Leader node determination method, computer device, and storage medium

Technical Field

The application relates to the technical field of block chains, in particular to a leader node determining method, computer equipment and a storage medium.

Background

In some consensus algorithms in the field of existing block chains, a leader node generates data, and other nodes need to follow the data of the leader node, so that the selection and the transition of the leader node are important links.

The leader node is selected by most nodes in the cluster, and the leader node n1 with the expiration date of 3 regularly sends heartbeat packets to all the nodes when the leader node n1 normally exists; if one other node (e.g., n2) does not receive the heartbeat packet sent by n1 beyond time Thb, then it is assumed that n1 has failed and n2 nominates itself as the leader node with tenure of 4. And Thb for each node is random, so there will always be one node initiating election first. However, considering factors such as network delay, when the network condition is poor, there still exists a situation that a sufficient number of votes cannot be obtained by each node due to the fact that multiple nodes initiate elections simultaneously, and further, the next-due leader node can be elected through multiple elections, and the election mode is greatly influenced by the network condition.

Disclosure of Invention

In view of the above-mentioned drawbacks and deficiencies in the prior art, it is desirable to provide a leader node determination method, a computer device, and a storage medium that improve the success rate of leader node elections.

In a first aspect, the present invention provides a leader node determining method suitable for a block chain node, where each block chain node is configured with the same timeout duration, where the method includes:

receiving a first nominated transaction; when the first block chain node does not receive the heartbeat packet of the leader node in the current tenure within the timeout duration, the first block chain node is generated by the leader node in the next tenure of the current tenure;

when the first time length is reached, selecting a second block chain node from each first block chain node according to a preconfigured leader node selection rule, generating a first vote of the second block chain node and broadcasting;

and determining the block link point which has the most votes as the leader node of the random period which is subsequent to the current random period.

In a second aspect, the present invention also provides an apparatus comprising one or more processors and a memory, wherein the memory contains instructions executable by the one or more processors to cause the one or more processors to perform a leader node determination method provided according to embodiments of the present invention.

In a third aspect, the present invention also provides a storage medium storing a computer program that causes a computer to execute the leader node determining method provided according to the embodiments of the present invention.

The leader node determining method, the computer device and the storage medium provided by the embodiments of the present invention receive a first nomination transaction; the first nomination transaction is generated by a first block link point nomination first block link node which is a leader node of a current nomination later nomination period; when the first time length is reached, selecting a second block chain node from each first block chain node according to a preconfigured leader node selection rule, generating a first vote of the second block chain node and broadcasting; and determining the block link point which has the most votes as the leader node of the next optional period of the current optional period, and improving the election success rate of the leader node.

Drawings

Other features, objects and advantages of the present application will become more apparent upon reading of the following detailed description of non-limiting embodiments thereof, made with reference to the accompanying drawings in which:

fig. 1 is a flowchart of a leader node determining method according to an embodiment of the present invention.

FIG. 2 is a flow diagram of a preferred embodiment of the method shown in FIG. 1.

Fig. 3 is a flowchart of step S141 in a preferred embodiment of the method shown in fig. 2.

Fig. 4 is a flowchart of step S13 in a preferred embodiment of the method shown in fig. 3.

Fig. 5 is a schematic structural diagram of a computer device according to an embodiment of the present invention.

Detailed Description

The present application will be described in further detail with reference to the following drawings and examples.
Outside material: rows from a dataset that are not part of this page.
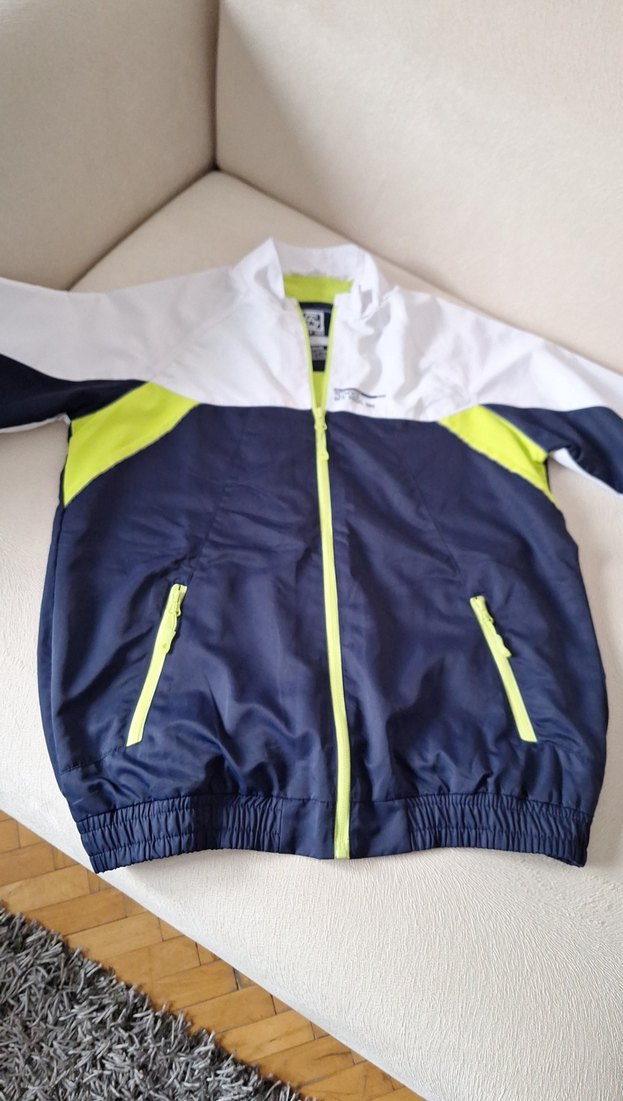 lacivert sentetik kumaştan, fermuarlı ve uzun kollu, normal boyda spor şıklığında rüzgarlık.
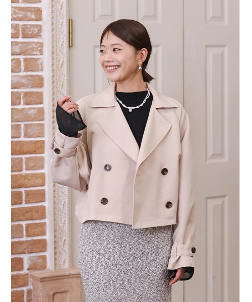 都会的な抜け感を演出する、軽やかなショート丈トレンチコート。伝統的なトレンチのディテールをミニマルに削ぎ落としたデザインは、サッと羽織るだけで洗練された大人の表情を引き立てます。重たくなりがちな春コートですが、ショート丈に仕上げることで、ロングボトムスやワンピースともバランス良く合わせられる汎用性の高い軽アウターに。【ロングトレンチスカート】とセットで着られるため、上下で合わせた統一感のあるセットアップスタイルなら、より品格のあるモードな装いが完成します。季節の変わり目のメインアウターとして、デイリーからオフィスカジュアルまで幅広く活躍する、ワードローブに欠かせない一着です。
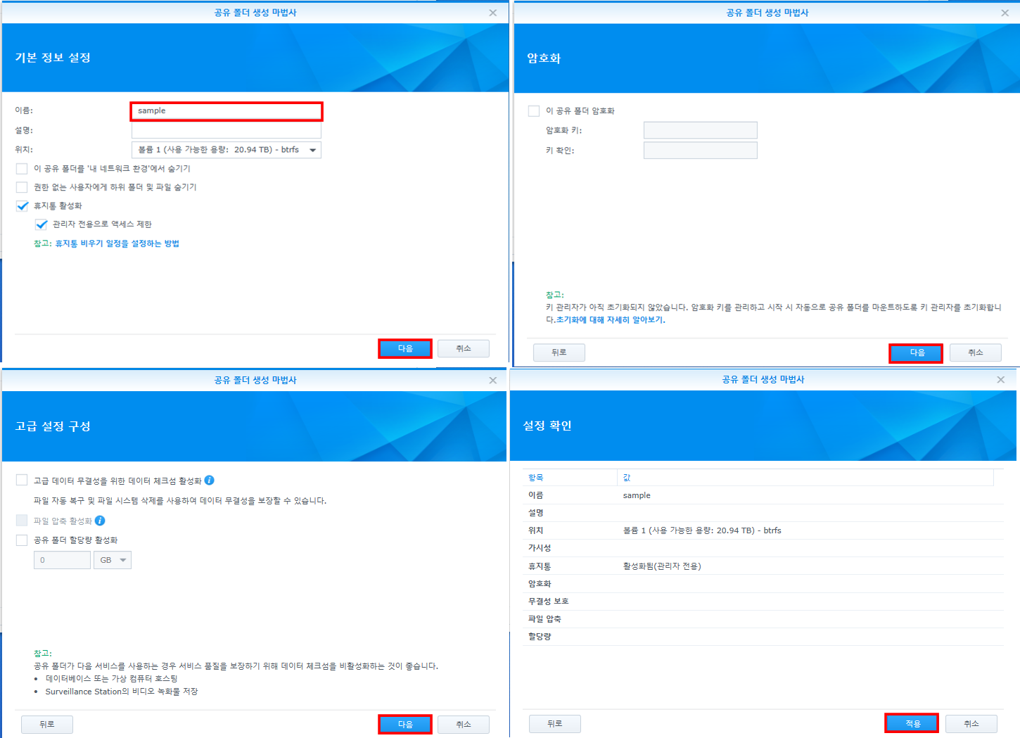이제 생성 마법사가 나타납니다. 이름이 OS 상에서 사용될 폴더의 이름이라고 생각해주면 됩니다. 저는 sample이라고 입력하였습니다. 그다음에 나오는 암호화, 고급설정은 기본값으로 두고 다음으로 넘어갑니다. 암호는 어차피 OS 접속할 때 개인에게 패스워드를 부여하였고, 용량은 특별하게 제한을 할 필요성이 없었습니다.
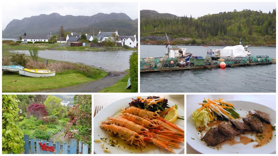 Para terminar esta etapa, nos falta llegar a Plockton, una bella ciudad llena de jardines, flores y bellas casitas, situada junto a la costa y uno de los mejores lugares para disfrutar del marisco de Escocia. Tras dar un paseo, me decidí por comer en un pub, y pude probar dos platos gloriosos. Por un lado las cigalas y por otro unos trozos de carne de venado deliciosos.

It is to be understood that the specific embodiments described herein are merely illustrative of the relevant invention and not restrictive of the invention. It should be noted that, for convenience of description, only the portions related to the present invention are shown in the drawings.

It should be noted that the embodiments and features of the embodiments in the present application may be combined with each other without conflict. The present application will be described in detail below with reference to the embodiments with reference to the attached drawings.

Fig. 1 is a flowchart of a leader node determining method according to an embodiment of the present invention. As shown in fig. 1, in this embodiment, the present invention provides a leader node determining method suitable for a blockchain node, where each blockchain node is configured with the same timeout duration, where the method includes:

s12: receiving a first nominated transaction; the first nominated transaction is generated by a first blockchain node which is a leader node of a next appointment after the current appointment when the first blockchain node does not receive a heartbeat packet of the leader node of the current appointment within the overtime length;

s14: when the first time length is reached, selecting a second block chain node from each first block chain node according to a preconfigured leader node selection rule, generating a first vote of the second block chain node and broadcasting;

s16: and determining the block link point which has the most votes as the leader node of the random period which is subsequent to the current random period.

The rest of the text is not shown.